Data supplied>
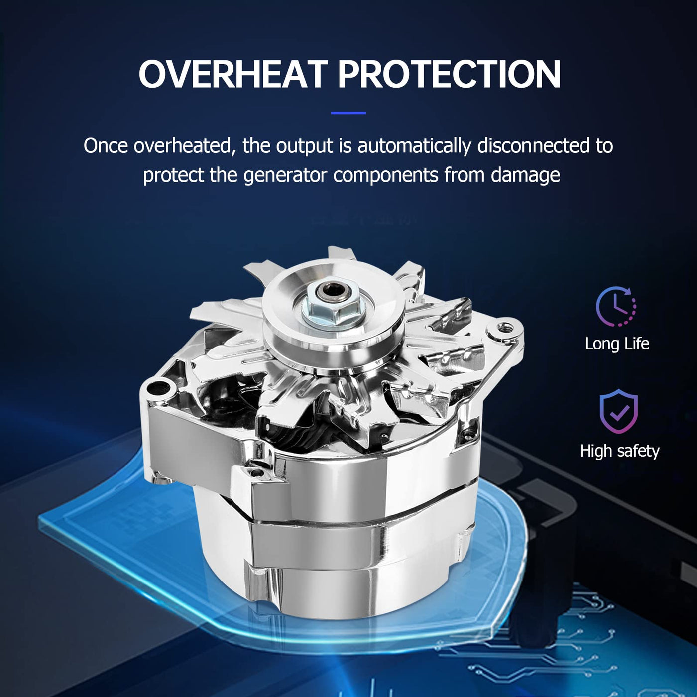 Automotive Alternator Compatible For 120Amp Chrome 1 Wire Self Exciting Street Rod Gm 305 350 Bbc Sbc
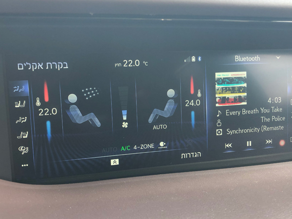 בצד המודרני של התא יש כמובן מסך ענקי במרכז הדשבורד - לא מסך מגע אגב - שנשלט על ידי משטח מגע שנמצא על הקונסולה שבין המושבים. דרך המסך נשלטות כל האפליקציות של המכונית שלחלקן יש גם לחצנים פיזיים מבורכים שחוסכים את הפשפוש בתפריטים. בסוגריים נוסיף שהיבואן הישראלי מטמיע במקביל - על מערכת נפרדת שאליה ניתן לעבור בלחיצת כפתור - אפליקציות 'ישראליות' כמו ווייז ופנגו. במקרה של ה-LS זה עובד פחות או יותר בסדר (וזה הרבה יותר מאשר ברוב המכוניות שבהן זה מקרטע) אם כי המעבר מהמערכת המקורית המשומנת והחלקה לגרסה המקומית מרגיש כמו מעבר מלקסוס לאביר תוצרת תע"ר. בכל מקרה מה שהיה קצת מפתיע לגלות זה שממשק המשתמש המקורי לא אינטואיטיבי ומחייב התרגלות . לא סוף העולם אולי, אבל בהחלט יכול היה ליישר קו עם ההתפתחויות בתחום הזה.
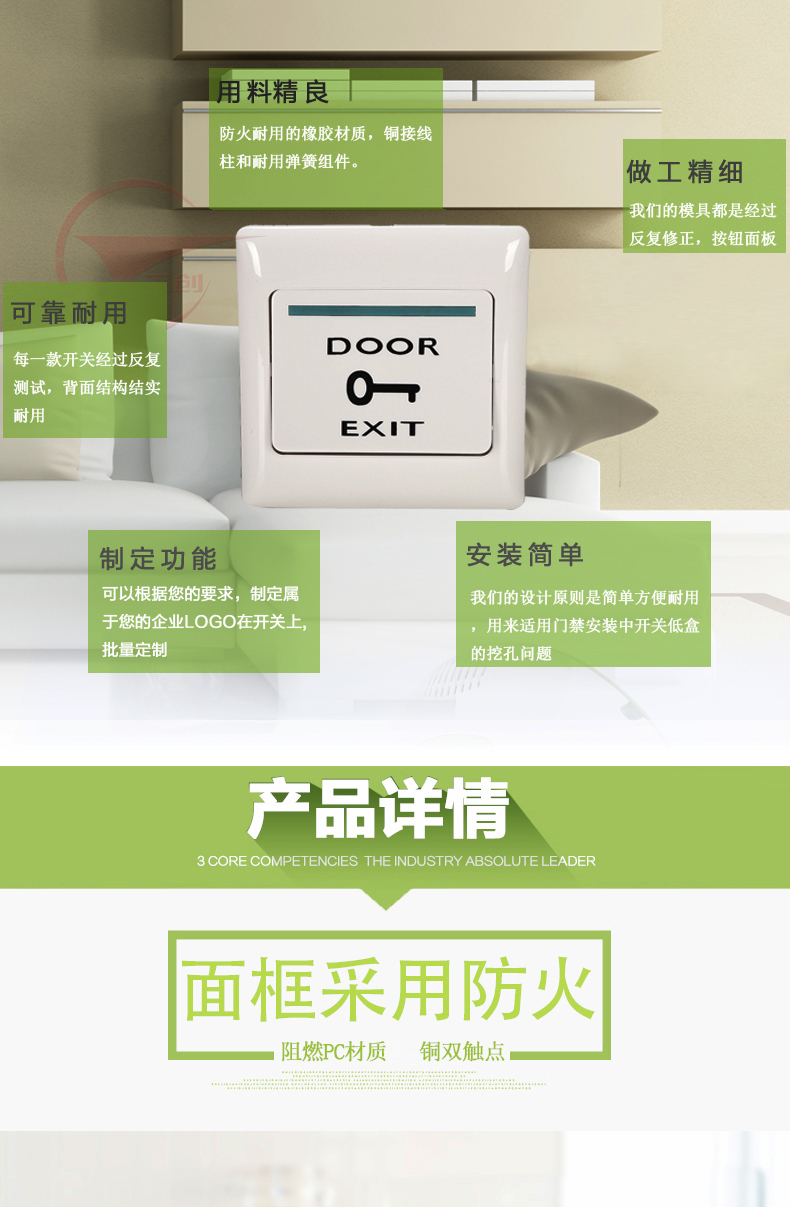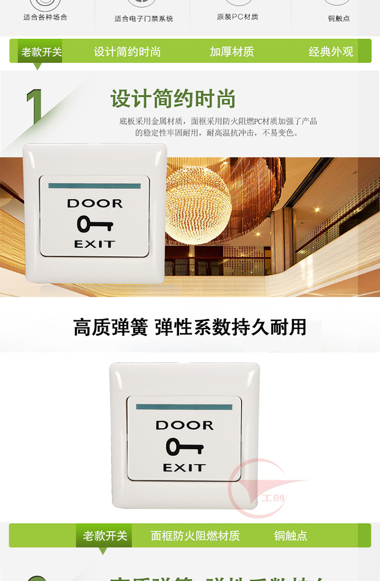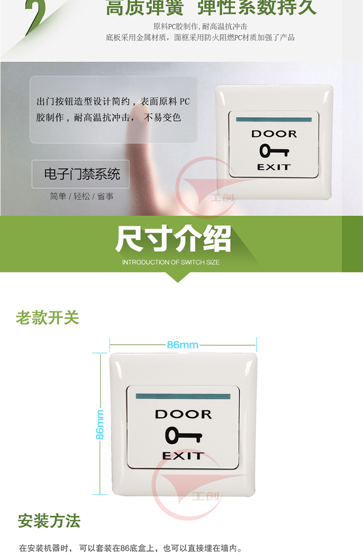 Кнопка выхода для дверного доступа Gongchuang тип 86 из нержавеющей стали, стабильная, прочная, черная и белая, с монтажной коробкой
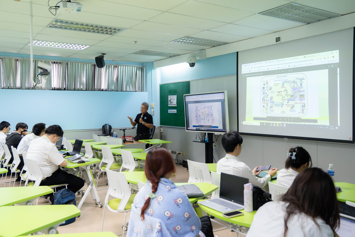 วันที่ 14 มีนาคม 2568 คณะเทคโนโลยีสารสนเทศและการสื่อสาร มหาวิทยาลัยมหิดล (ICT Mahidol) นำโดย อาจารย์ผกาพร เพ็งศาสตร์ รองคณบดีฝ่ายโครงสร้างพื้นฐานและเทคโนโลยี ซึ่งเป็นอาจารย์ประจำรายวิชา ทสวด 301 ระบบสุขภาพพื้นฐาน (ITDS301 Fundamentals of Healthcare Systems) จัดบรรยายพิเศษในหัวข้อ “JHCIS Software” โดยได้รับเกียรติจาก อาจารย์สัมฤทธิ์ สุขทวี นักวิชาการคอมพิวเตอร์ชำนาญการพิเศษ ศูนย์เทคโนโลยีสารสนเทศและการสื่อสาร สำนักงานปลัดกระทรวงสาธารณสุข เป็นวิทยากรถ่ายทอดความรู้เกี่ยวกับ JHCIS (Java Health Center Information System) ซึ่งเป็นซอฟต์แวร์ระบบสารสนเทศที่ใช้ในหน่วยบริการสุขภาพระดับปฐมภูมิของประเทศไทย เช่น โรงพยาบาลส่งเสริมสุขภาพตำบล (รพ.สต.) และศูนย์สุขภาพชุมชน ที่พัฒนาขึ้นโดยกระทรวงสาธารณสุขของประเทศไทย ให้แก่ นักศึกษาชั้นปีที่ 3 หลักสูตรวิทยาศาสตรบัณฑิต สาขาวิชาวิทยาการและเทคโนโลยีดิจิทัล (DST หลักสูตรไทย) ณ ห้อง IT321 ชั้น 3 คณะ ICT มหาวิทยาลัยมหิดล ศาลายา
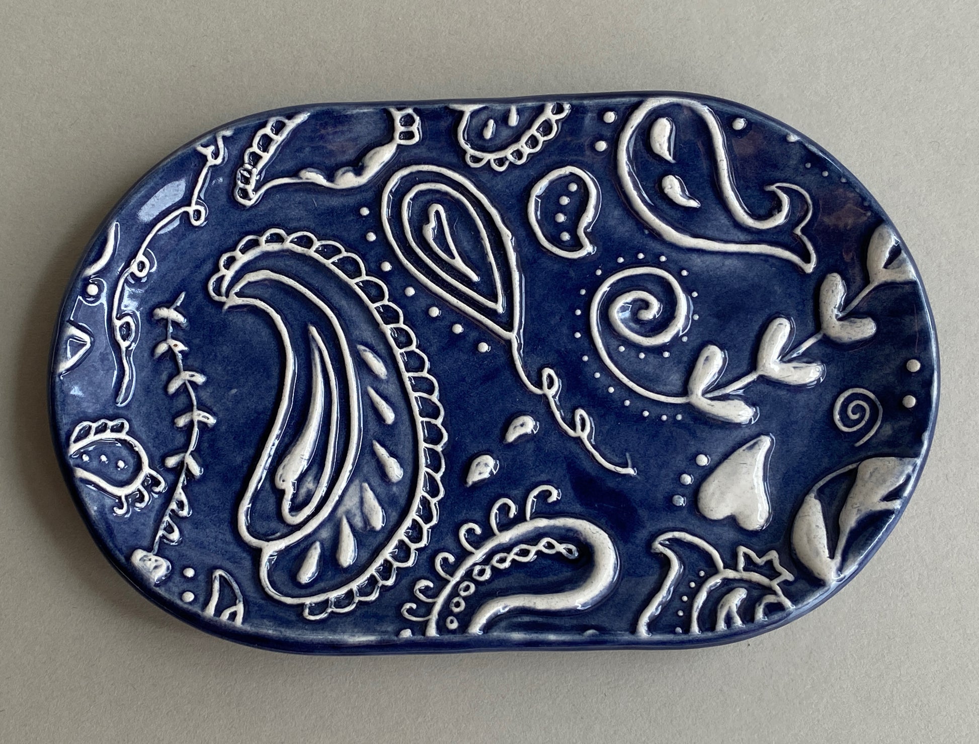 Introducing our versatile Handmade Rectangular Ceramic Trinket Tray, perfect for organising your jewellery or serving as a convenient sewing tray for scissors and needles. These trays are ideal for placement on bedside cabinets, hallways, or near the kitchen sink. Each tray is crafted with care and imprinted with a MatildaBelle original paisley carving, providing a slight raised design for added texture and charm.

Assigned task>
The records above should be written out in full and unchanged, except that pictures are dropped.

Solution>
 Automotive Alternator Compatible For 120Amp Chrome 1 Wire Self Exciting Street Rod Gm 305 350 Bbc Sbc
 בצד המודרני של התא יש כמובן מסך ענקי במרכז הדשבורד - לא מסך מגע אגב - שנשלט על ידי משטח מגע שנמצא על הקונסולה שבין המושבים. דרך המסך נשלטות כל האפליקציות של המכונית שלחלקן יש גם לחצנים פיזיים מבורכים שחוסכים את הפשפוש בתפריטים. בסוגריים נוסיף שהיבואן הישראלי מטמיע במקביל - על מערכת נפרדת שאליה ניתן לעבור בלחיצת כפתור - אפליקציות 'ישראליות' כמו ווייז ופנגו. במקרה של ה-LS זה עובד פחות או יותר בסדר (וזה הרבה יותר מאשר ברוב המכוניות שבהן זה מקרטע) אם כי המעבר מהמערכת המקורית המשומנת והחלקה לגרסה המקומית מרגיש כמו מעבר מלקסוס לאביר תוצרת תע"ר. בכל מקרה מה שהיה קצת מפתיע לגלות זה שממשק המשתמש המקורי לא אינטואיטיבי ומחייב התרגלות . לא סוף העולם אולי, אבל בהחלט יכול היה ליישר קו עם ההתפתחויות בתחום הזה.
 Кнопка выхода для дверного доступа Gongchuang тип 86 из нержавеющей стали, стабильная, прочная, черная и белая, с монтажной коробкой
 วันที่ 14 มีนาคม 2568 คณะเทคโนโลยีสารสนเทศและการสื่อสาร มหาวิทยาลัยมหิดล (ICT Mahidol) นำโดย อาจารย์ผกาพร เพ็งศาสตร์ รองคณบดีฝ่ายโครงสร้างพื้นฐานและเทคโนโลยี ซึ่งเป็นอาจารย์ประจำรายวิชา ทสวด 301 ระบบสุขภาพพื้นฐาน (ITDS301 Fundamentals of Healthcare Systems) จัดบรรยายพิเศษในหัวข้อ “JHCIS Software” โดยได้รับเกียรติจาก อาจารย์สัมฤทธิ์ สุขทวี นักวิชาการคอมพิวเตอร์ชำนาญการพิเศษ ศูนย์เทคโนโลยีสารสนเทศและการสื่อสาร สำนักงานปลัดกระทรวงสาธารณสุข เป็นวิทยากรถ่ายทอดความรู้เกี่ยวกับ JHCIS (Java Health Center Information System) ซึ่งเป็นซอฟต์แวร์ระบบสารสนเทศที่ใช้ในหน่วยบริการสุขภาพระดับปฐมภูมิของประเทศไทย เช่น โรงพยาบาลส่งเสริมสุขภาพตำบล (รพ.สต.) และศูนย์สุขภาพชุมชน ที่พัฒนาขึ้นโดยกระทรวงสาธารณสุขของประเทศไทย ให้แก่ นักศึกษาชั้นปีที่ 3 หลักสูตรวิทยาศาสตรบัณฑิต สาขาวิชาวิทยาการและเทคโนโลยีดิจิทัล (DST หลักสูตรไทย) ณ ห้อง IT321 ชั้น 3 คณะ ICT มหาวิทยาลัยมหิดล ศาลายา
 Introducing our versatile Handmade Rectangular Ceramic Trinket Tray, perfect for organising your jewellery or serving as a convenient sewing tray for scissors and needles. These trays are ideal for placement on bedside cabinets, hallways, or near the kitchen sink. Each tray is crafted with care and imprinted with a MatildaBelle original paisley carving, providing a slight raised design for added texture and charm.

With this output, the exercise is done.